Transcriptomic evidence of black soybean ethanolic extract and 2-aminobutyric acid in suppressing neuroinflammation and enhancing synaptic transmission.

Biomed Pharmacother

Alliance for Research on the Mediterranean and North Africa (ARENA), University of Tsukuba, Tsukuba 305-8572, Japan; Tsukuba Life Science Innovation (T-LSI) Program, University of Tsukuba, Japan; Institute of Life and Environmental Sciences, University of Tsukuba, Tsukuba 305-8572, Japan. Electronic address:

Published: December 2024

AI Article Synopsis

  • - Recent studies highlight the potential of natural compounds like black soybean extract (BBEE) and 2-aminobutyric acid (2-AB) in reducing neuroinflammation, especially in LPS-induced SH-SY5Y cells.
  • - Experimental methods included cell viability testing and transcriptomic analysis, revealing that both BBEE and 2-AB lowered inflammatory cytokines and disrupted inflammatory pathways while enhancing genes linked to neurotransmission.
  • - The research concludes that BBEE and 2-AB may serve as effective dietary components for combating neurological disorders, encouraging their regular consumption to support brain health and reduce cognitive decline.

Article Abstract

Introduction: Recently, the awareness of the beneficial utilization of natural bioactive compounds in treating neuroinflammation has gained particular attention. We aimed to understand the anti-neuroinflammatory effect of black soybeans (Glycine max (L.) Merr) ethanolic extract (BBEE) and its bioactive compound, 2-aminobutyric acid (2-AB), against LPS-induced SH-SY5Y cells.

Method: Cell viability and the optimum therapeutic dose were confirmed by MTT assay. We conducted a whole-transcriptomic analysis of BBEE and 2-AB in LPS-induced SH-SY5Y cells using microarray normalized with SST-RMA. DEGs were selected based on p-value < 0.05 and fold change > 2, and validated by RT-qPCR and immunocytochemical analyses.

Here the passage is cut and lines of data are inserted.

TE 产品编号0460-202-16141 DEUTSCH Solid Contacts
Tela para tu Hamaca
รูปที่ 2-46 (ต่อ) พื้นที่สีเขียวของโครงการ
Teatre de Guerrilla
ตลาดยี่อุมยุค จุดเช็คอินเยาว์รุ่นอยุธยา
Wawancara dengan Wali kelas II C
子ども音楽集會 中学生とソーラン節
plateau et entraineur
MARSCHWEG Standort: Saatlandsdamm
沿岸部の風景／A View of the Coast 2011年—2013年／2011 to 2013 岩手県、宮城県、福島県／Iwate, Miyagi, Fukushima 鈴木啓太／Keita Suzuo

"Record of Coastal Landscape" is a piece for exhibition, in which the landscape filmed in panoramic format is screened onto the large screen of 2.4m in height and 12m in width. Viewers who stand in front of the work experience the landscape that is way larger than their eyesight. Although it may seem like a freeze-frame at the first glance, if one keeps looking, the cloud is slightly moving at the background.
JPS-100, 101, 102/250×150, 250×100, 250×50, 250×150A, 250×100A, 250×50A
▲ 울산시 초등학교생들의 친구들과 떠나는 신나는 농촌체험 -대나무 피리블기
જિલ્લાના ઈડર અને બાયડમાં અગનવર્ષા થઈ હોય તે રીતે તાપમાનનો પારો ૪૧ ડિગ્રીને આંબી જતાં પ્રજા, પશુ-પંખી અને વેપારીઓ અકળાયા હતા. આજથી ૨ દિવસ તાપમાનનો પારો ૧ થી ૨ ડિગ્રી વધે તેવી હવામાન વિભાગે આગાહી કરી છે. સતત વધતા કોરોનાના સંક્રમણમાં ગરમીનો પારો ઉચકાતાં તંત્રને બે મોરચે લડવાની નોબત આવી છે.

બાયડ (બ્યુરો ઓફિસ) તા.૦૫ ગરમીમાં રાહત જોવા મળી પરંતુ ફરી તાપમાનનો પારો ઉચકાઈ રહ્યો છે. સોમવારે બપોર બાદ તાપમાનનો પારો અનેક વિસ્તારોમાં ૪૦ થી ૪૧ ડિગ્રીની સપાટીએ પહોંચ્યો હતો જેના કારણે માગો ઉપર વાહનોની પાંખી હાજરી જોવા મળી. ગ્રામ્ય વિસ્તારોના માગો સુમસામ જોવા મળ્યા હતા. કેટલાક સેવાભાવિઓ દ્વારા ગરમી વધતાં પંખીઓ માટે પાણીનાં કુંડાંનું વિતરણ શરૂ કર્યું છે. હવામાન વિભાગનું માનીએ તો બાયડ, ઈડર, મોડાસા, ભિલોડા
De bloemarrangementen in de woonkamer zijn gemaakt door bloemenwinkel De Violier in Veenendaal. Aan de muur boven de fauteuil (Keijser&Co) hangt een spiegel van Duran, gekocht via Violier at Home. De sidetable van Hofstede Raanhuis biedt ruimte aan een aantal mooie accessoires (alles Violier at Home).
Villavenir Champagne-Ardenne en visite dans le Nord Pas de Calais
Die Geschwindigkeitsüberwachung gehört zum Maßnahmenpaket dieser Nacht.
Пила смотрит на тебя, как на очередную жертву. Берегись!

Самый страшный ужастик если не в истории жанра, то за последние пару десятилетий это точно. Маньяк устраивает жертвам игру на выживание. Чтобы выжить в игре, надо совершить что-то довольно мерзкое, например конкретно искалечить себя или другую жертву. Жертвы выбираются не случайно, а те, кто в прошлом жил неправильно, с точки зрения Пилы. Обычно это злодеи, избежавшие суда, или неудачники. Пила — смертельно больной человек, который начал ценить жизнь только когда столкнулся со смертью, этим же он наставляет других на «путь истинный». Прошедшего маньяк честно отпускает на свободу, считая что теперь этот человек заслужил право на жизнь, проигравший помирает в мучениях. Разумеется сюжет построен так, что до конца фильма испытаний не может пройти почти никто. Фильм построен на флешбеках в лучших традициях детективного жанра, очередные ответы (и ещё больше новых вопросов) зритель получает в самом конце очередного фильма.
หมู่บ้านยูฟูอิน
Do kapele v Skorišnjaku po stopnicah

Results: We found that both BBEE and 2-AB down-regulated the expression of inflammatory cytokines IL6 and TNFA under LPS-induced conditions. This was also observed in the microarray data, showing downregulation of several inflammatory pathways, such as NF-kB, and IL6-JAK/STAT3-signaling pathways. In contrast, it upregulated the expression of CALML3, GRIN2, and GRIA2 gene expressions, which influence the AMPK and CAMK2 signaling pathways, indicating the potential of BBEE in neurotransmission and synaptic function. Also, immunofluorescence analysis revealed that 2-AB treatment significantly increased PSD-95 and Ca levels, suggesting its effect on synaptic transmission essential for brain function.

Conclusion: Our findings suggest the potential anti-neuroinflammatory effects of BBEE and 2-AB, which may offer therapeutic and preventive benefits in mitigating neurological disorders. Given that BB is widely consumed in many Asian countries, our study may encourage its incorporation into the daily diet to slow inflammation-induced neurodegenerative disorders, reduce age-related cognitive decline, and enhance overall brain function.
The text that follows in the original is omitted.